*** Block opens ***

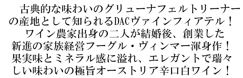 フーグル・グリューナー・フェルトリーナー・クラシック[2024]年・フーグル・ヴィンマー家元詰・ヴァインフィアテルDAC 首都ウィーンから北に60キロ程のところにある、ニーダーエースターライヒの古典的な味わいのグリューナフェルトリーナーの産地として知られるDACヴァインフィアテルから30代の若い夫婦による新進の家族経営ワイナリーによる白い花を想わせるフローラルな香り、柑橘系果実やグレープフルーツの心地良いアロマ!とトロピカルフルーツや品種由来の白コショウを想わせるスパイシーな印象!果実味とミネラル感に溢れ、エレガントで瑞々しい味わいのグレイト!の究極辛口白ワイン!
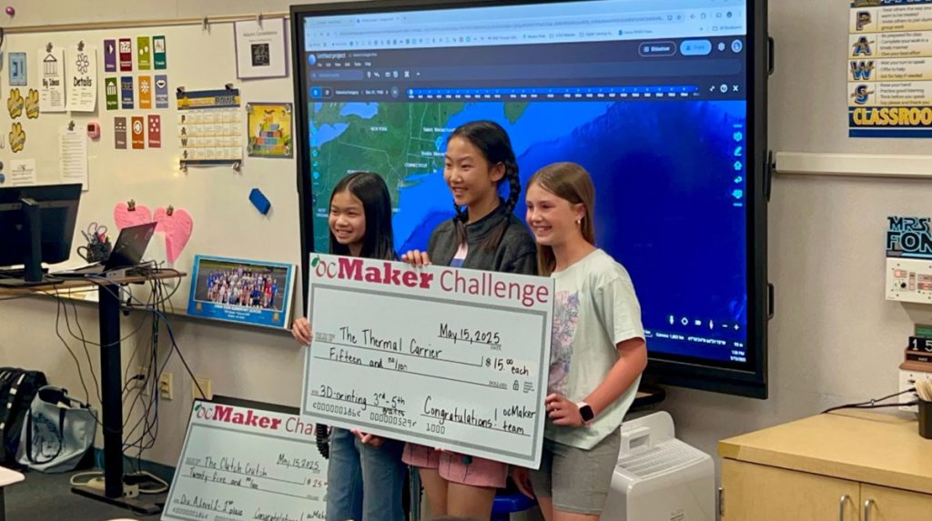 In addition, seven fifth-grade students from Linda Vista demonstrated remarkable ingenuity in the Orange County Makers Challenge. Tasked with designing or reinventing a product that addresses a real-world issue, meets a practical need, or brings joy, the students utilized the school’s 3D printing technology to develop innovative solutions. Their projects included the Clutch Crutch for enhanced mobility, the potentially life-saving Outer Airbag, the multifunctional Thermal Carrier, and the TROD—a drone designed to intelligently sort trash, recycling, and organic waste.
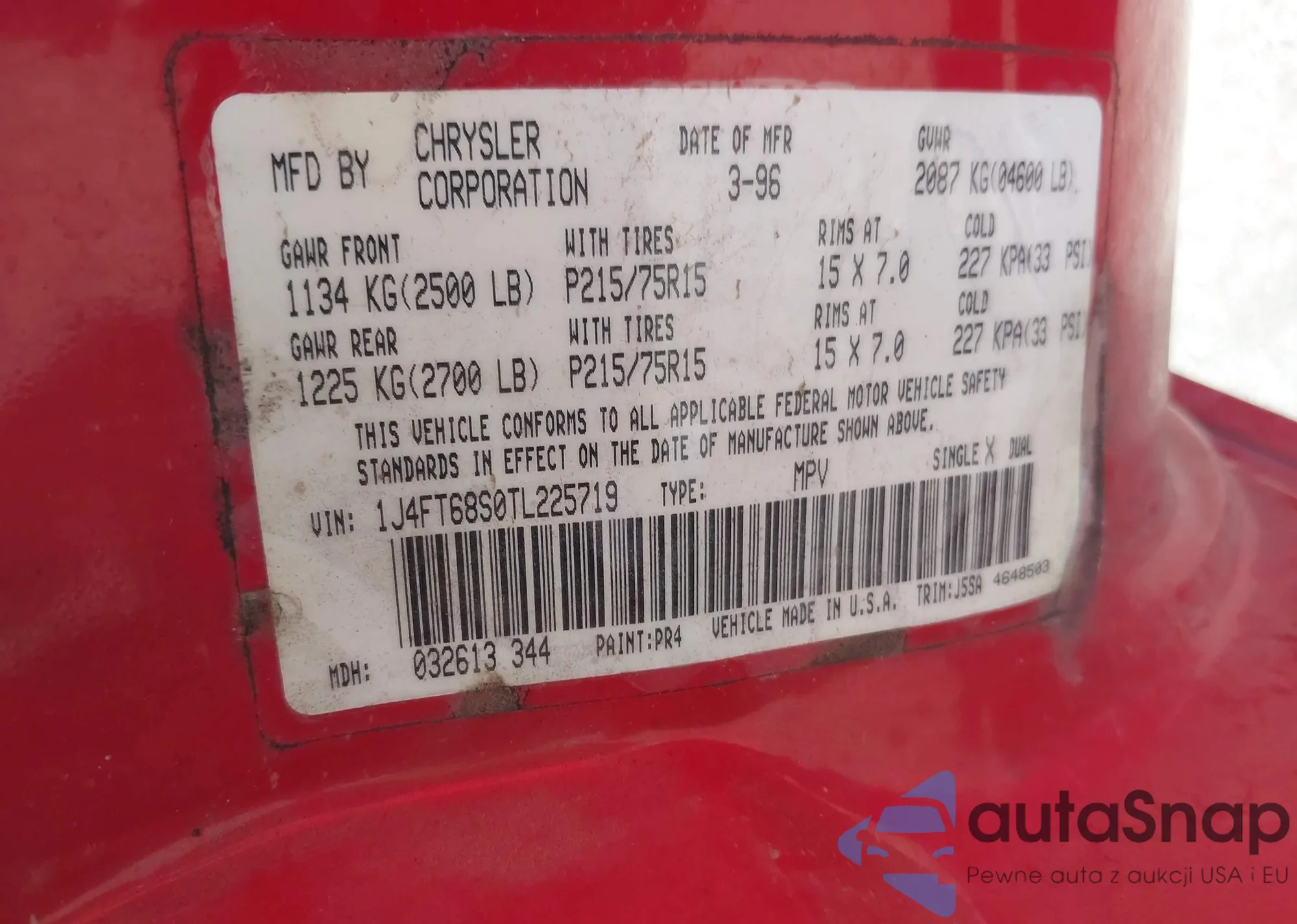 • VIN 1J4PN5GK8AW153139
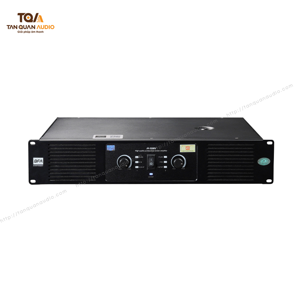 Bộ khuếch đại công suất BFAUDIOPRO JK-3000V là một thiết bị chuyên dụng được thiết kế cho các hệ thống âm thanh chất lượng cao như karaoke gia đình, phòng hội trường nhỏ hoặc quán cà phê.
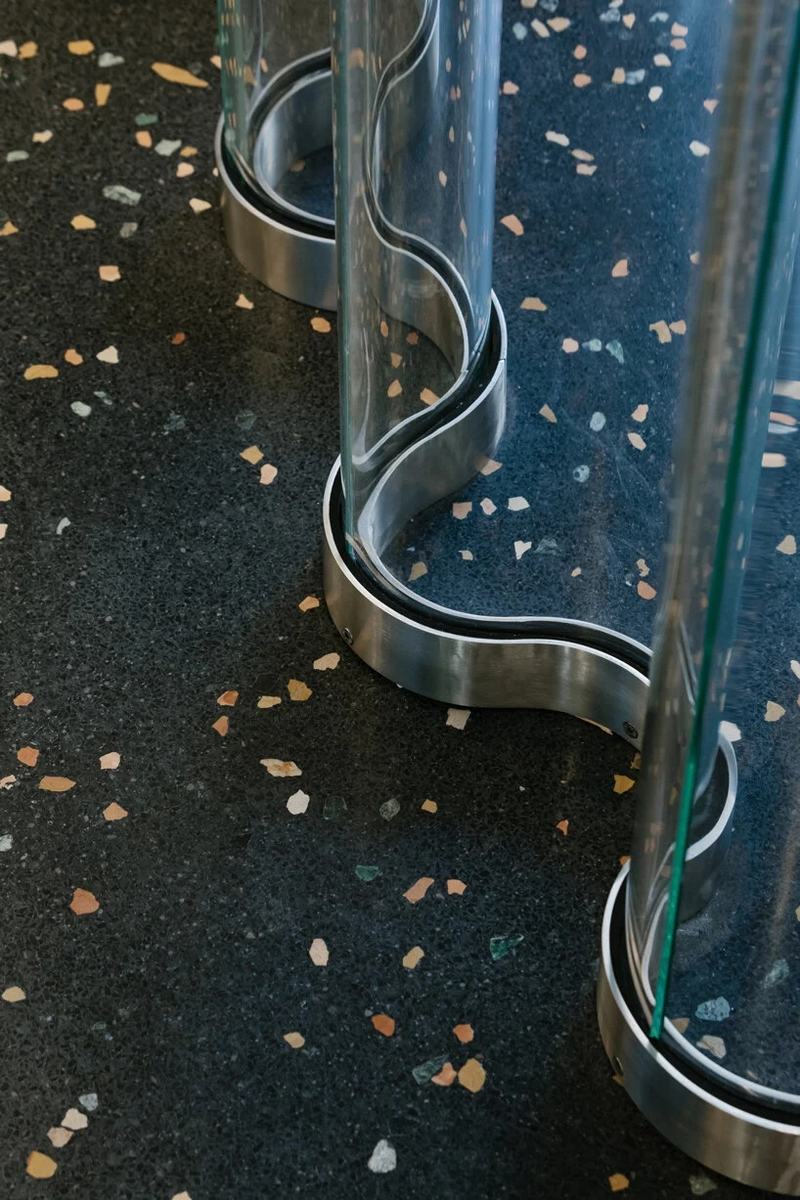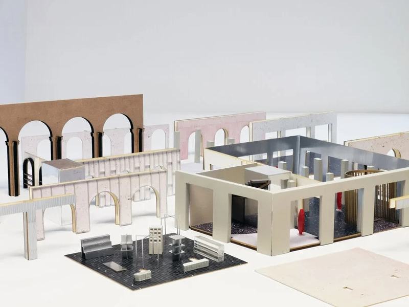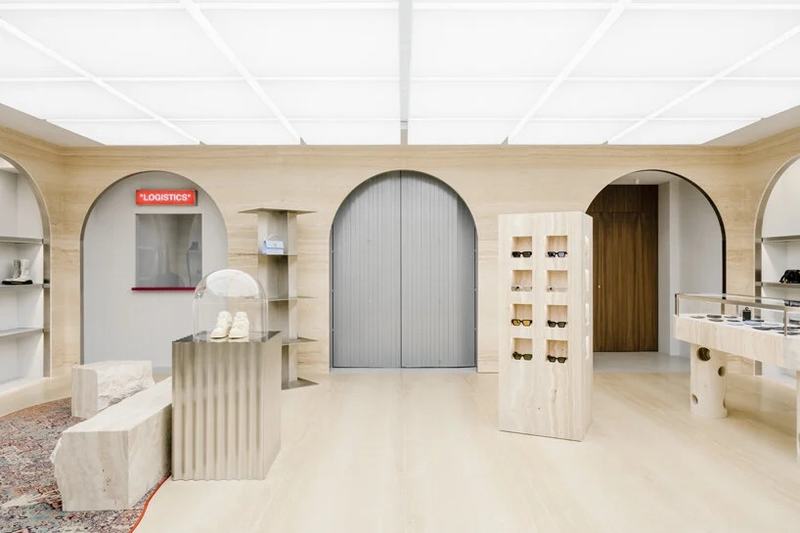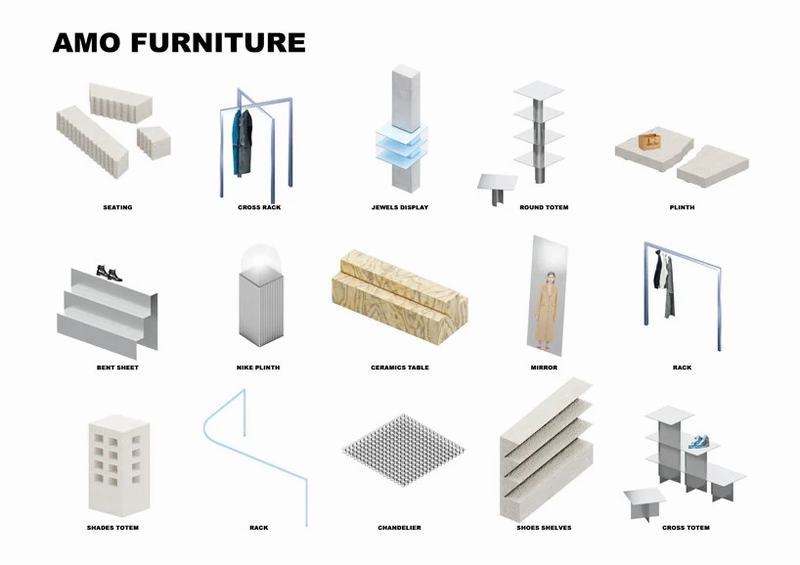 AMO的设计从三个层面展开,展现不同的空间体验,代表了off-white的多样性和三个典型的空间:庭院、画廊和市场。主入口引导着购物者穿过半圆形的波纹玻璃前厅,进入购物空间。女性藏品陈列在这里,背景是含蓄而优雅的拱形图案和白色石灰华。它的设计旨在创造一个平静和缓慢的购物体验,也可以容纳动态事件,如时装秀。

*** Block closes ***
*** Block opens ***

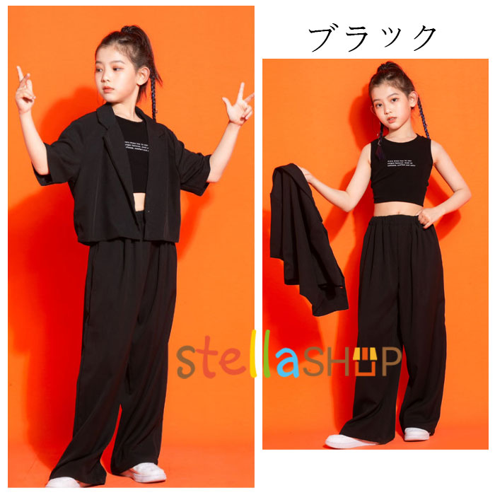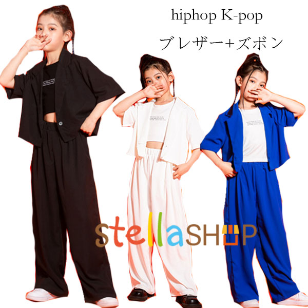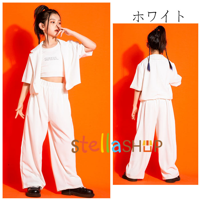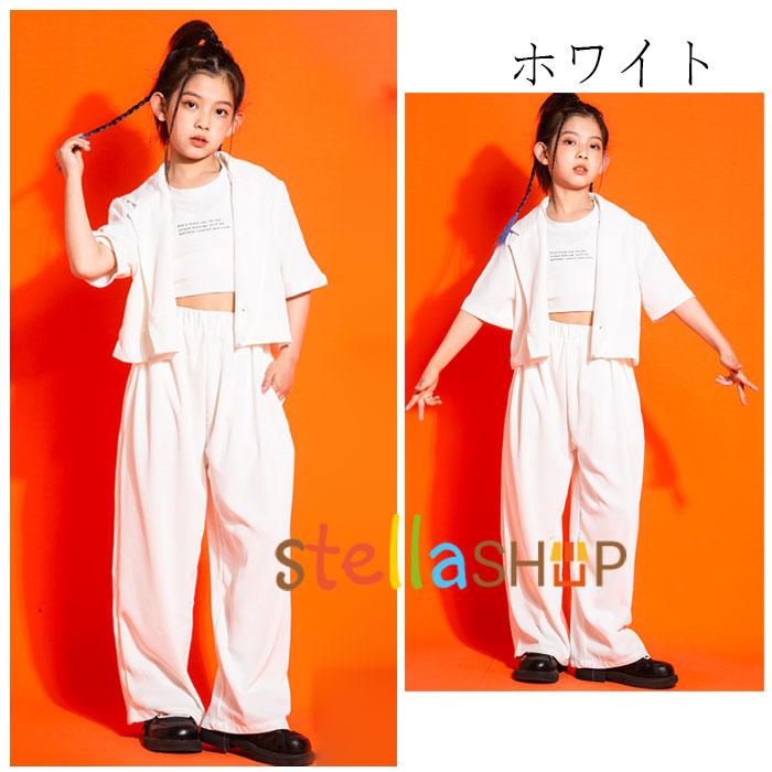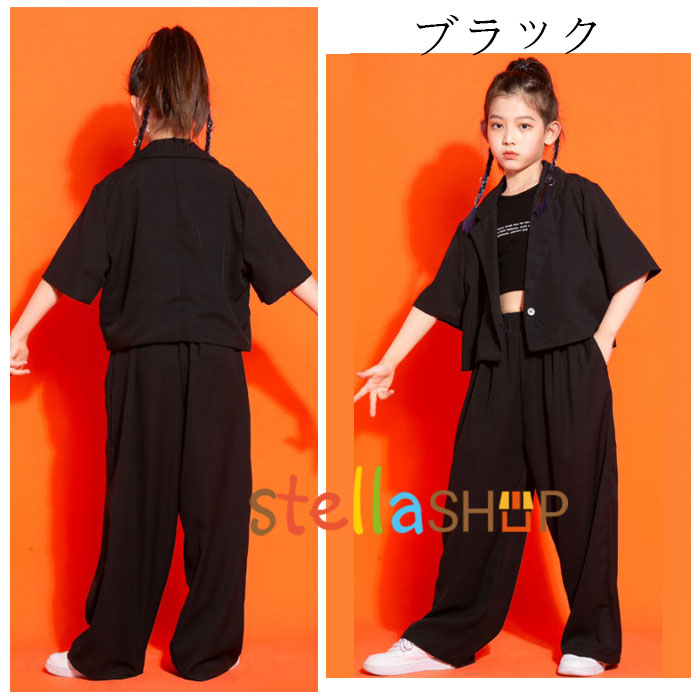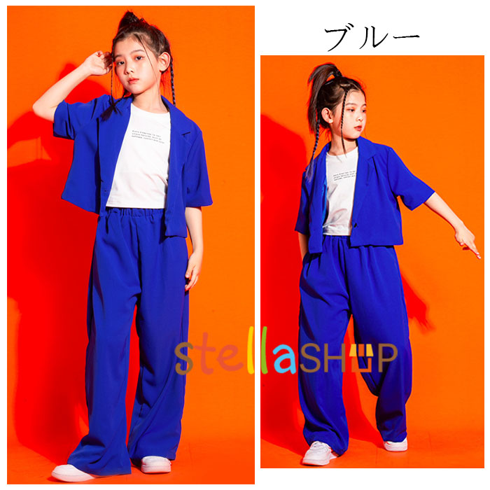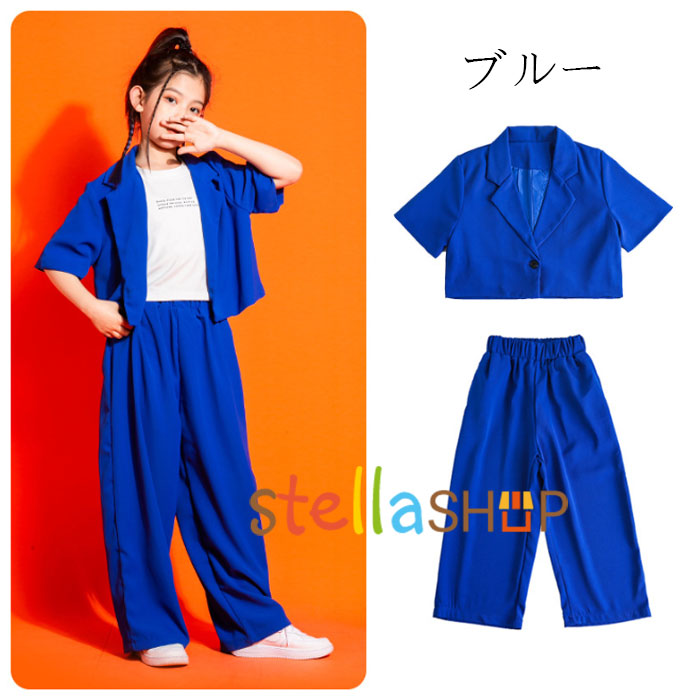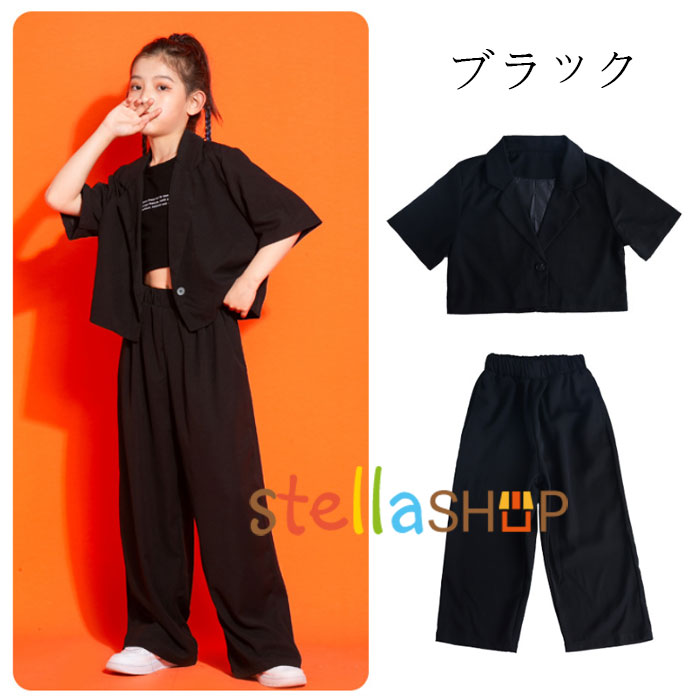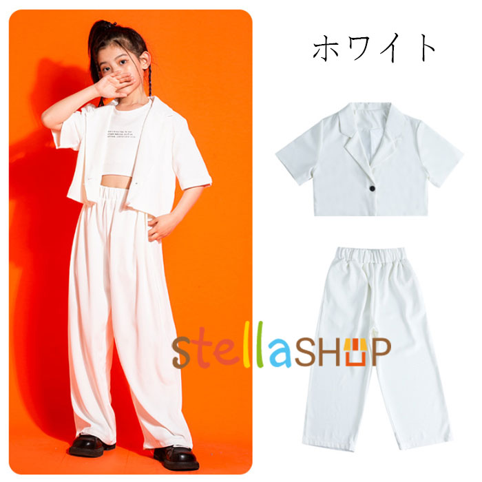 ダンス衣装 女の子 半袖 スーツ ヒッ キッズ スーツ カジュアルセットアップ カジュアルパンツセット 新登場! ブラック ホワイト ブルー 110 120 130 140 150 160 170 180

*** Block closes ***

EXERCISE AIM → Give back, exactly and without pictures, the stretch of the records above from the line containing "Bộ khuếch đại" through the line containing "AMO的设计从三个层面展开,展现不同的空", with both end lines included.

RESULT BELOW →
 Bộ khuếch đại công suất BFAUDIOPRO JK-3000V là một thiết bị chuyên dụng được thiết kế cho các hệ thống âm thanh chất lượng cao như karaoke gia đình, phòng hội trường nhỏ hoặc quán cà phê.
 AMO的设计从三个层面展开,展现不同的空间体验,代表了off-white的多样性和三个典型的空间:庭院、画廊和市场。主入口引导着购物者穿过半圆形的波纹玻璃前厅,进入购物空间。女性藏品陈列在这里,背景是含蓄而优雅的拱形图案和白色石灰华。它的设计旨在创造一个平静和缓慢的购物体验,也可以容纳动态事件,如时装秀。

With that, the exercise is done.